Task to carry out: Repeat exactly the lines below from the line that contains "Zawiera naturalne substancje" to the last line, inclusive, without the pictures.

Data for analysis:
= = = = =

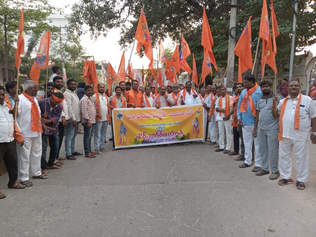 సూర్యాపేట, అక్టోబర్ 13, (అఖండ భూమి) సూర్యాపేటలో యువతను చైతన్యం నింపడం కోసం విశ్వ హిందూ పరిషత్ – బజరంగ్ దళ్ ఆధ్వర్యంలో వెంకటేశ్వర గుడి వద్ద గోరక్ష క్షేత్ర ప్రముఖు తుమురుగోటి యాదగిరి రావు కాషాయ జండా ఊపి యాత్రను ప్రారంభించాడు అనంతరం గుంటి నగేష్ శంఖారాం పూరించి కోలాట భజన బృందాలతో ముందుకు సాగారు ఈ యాత్ర వెంకటేశ్వర గుడి నుండి శంకర్ విలాస్ వాణిజ్య భవన్ టి ఎస్ ఆర్ సెంటర్ పూల సెంటర్ మీదుగా కోర్టు చౌరస్తా నుండి పబ్లిక్ క్లబ్ వరకు చేరుకొని అక్కడ ముగింపు సమావేశం జరిగినది ఈ సమావేశానికి ముఖ్య అతిథులుగా వచ్చిన యాదగిరి రావు మాట్లాడుతూ వచ్చే సంవత్సరం జనవరిలో అయోధ్యలో రామ మందిర నిర్మాణం పూర్తి అయి ప్రారంభోత్సవం జరుగుతున్న సందర్భంగా దేశవ్యాప్తంగా హిందూ బంధువులను యువకులను చైతన్యపరిచేందుకు హిందూ ధర్మ రక్షణకై ప్రచారానికి దేశవ్యాప్తంగా ఈ యొక్క శౌర్య జాగరణ యాత్రలు నిర్వహించడం జరుగుతుందని ఈ దేశాన్ని ప్రపంచంలో విశ్వ గురువుగా అవతరించాలని రామరాజ్యం రావాలని ప్రజలందరూ సంకల్పం తీసుకొని ముందుకు నడవాలని ఈ దేశ రక్షణకై యువతీ యువకులు మేధావులు దేశభక్తులు జాతీయ భావం కలిగిన వారందరూ కూడా పాటుపడాలని కోరారు సూర్యాపేటలో శౌర్య జాగరణ యాత్ర బలప పరాక్రమం కలిగిన హనుమాన్ విగ్రహంతో ఊరేగింపు నిర్వహించడం జరిగింది 2024 జనవరి మూడో వారంలో జరగబోయే అయోధ్య రామ మందిర ప్రారంభోత్సవానికి సన్నాహక కార్యక్రమంగా మరియు విశ్వ హిందూ పరిషత్ 60 సంవత్సరాలు చేరువవుతున్న సందర్భంగా దేశవ్యాప్తంగా విశ్వ హిందూ పరిషత్ – బజరంగ్ దళ్ నిర్వహణలో శౌర్య జాగరణ యాత్రలు జరుగుతున్నాయని తెలియజేశారు. అందులో భాగంగా సూర్యాపేటలో నిర్వహించడం జరిగిందని ఈ దేశం ప్రజలు రామరాజ్యం కావాలని కోరుకుంటున్నారని నేటి యువత రాముని ఆదర్శం తీసుకుని ఈ దేశ సమైక్యత కోసం దేశ భద్రత కోసం అన్నగారిన వర్గాల అభినతికి పాటుపడాలని కోరారు ఈ కార్యక్రమంలో విహెచ్పి జిల్లా గౌరవ అధ్యక్షులు నాగవల్లి బ్రహ్మయ్య ఎక్స్ ఎమ్మెల్యే సంకినేని వెంకటేశ్వరరావు వి.ఐ.పి పట్టణ ప్ర కార్యదర్శి మహేశ్వరo రవిచంద్ర, పర్వతం శ్రీధర్ కుమార్, పసునూరి దినేష్, చింతా వెంకన్న , బైరు విజయ్, కృష్ణ, తండు దేవిక ,చలమల నరసింహ, సలిగంటి వీరేందర్, నాగవెల్లి ప్రభాకర్, తణుకునూరు సంతోష్, తదితరులు పాల్గొన్నారు
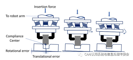 RCC是由Whitney和Nevins發(fā)明的,用于幫助機(jī)器人完成插入和裝配任務(wù)[41]。在他們的研究中,他們廣泛地討論了機(jī)器人的插入過程[42]。在插入過程中,銷釘會在軸向旋轉(zhuǎn)夾持器下傾斜,這稱為柔性中心。如圖3所示,RCC裝置實際上是一個有6個自由度的彈性機(jī)構(gòu),可以改變系統(tǒng)柔度中心的位置。在[43]中開發(fā)了一種具有計算機(jī)可調(diào)阻抗的主動柔性末端執(zhí)行器。目前,將RCC與其他設(shè)備或控制方法相結(jié)合是非常有研究價值的課題。
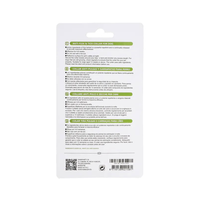 Zawiera naturalne substancje roślinne odstraszające pchły, roztocza i kleszcze, sprawia, że sierść staje się lśniąca. Odblaskowa powierzchnia poprawia bezpieczeństwo podczas nocnych spacerów.
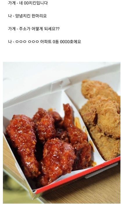 이미지에는 ‘가게- 네 00 치킨입니다. 나-양념 치킨 한마리요. 가게-주소가 어떻게 되세요? 나-000 000 000아파트 0동 000호에요’라는 대화가 담겨 있었다.
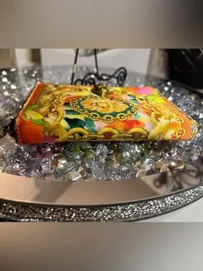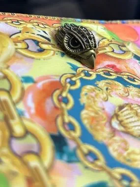It is characterized by its vibrant orange and multi-colored scarf-style print, which features chain links and floral or tropical motifs.

= = = = =

Task solution:
 Zawiera naturalne substancje roślinne odstraszające pchły, roztocza i kleszcze, sprawia, że sierść staje się lśniąca. Odblaskowa powierzchnia poprawia bezpieczeństwo podczas nocnych spacerów.
 이미지에는 ‘가게- 네 00 치킨입니다. 나-양념 치킨 한마리요. 가게-주소가 어떻게 되세요? 나-000 000 000아파트 0동 000호에요’라는 대화가 담겨 있었다.
It is characterized by its vibrant orange and multi-colored scarf-style print, which features chain links and floral or tropical motifs.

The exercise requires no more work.